For more complex JSON parsing there are specialized query languages that can be used like CSS selectors and XPath are used for HTML:

  • jsonpath - query language similar to XPath
  • jmespath - query language similar to CSS selectors.

Both jsonpath and jmespath are available in many languages though differ from each other in syntax and features.

Jsonpath

Jsonpath is more similar to HTML's XPath notation allowing powerful navigation for working with nested keys. In particular, the .. selector (equivalent to XPath's //) is great for working with unreliable JSON structures.

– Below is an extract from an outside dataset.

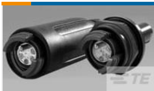
TE Part # 1374759-2 INSERT ASSY, 4XMM, MINI

from jsonpath_ng import jsonpath, parse

data = {
    "data": {
        "info": {
            "products": [
                {"price": 1, "_type": "product", "id": "123"}, 
                {"price": 2, "_type": "product", "id": "345"}
            ]
        }
    }
}
# select recursively for "products" key and the "price" key of each product
jsonpath_expr = parse('$..products[*].price')
for match in jsonpath_expr.find(data):
    print(match.value)
    # will print: 1, 2

Jmespath

On the other hand, while Jmespath doesn't support recursive selection it has powerful data reshaping capabilities:

import jmespath

data = {
  "data": {
      "info": {
          "products": [
              {"price": {"usd": 1}, "_type": "product", "id": "123"}, 
              {"price": {"usd": 2}, "_type": "product", "id": "345"}
          ]
      }
  }
}

# easily reshape nested dataset to flat structure:
jmespath.search("data.info.products[*].{id:id, price:price.usd}", data)
[
    {'id': '123', 'price': 1}, 
    {'id': '345', 'price': 2}
]

Both of these tools are very popular in modern web scraping when it comes to JSON data parsing.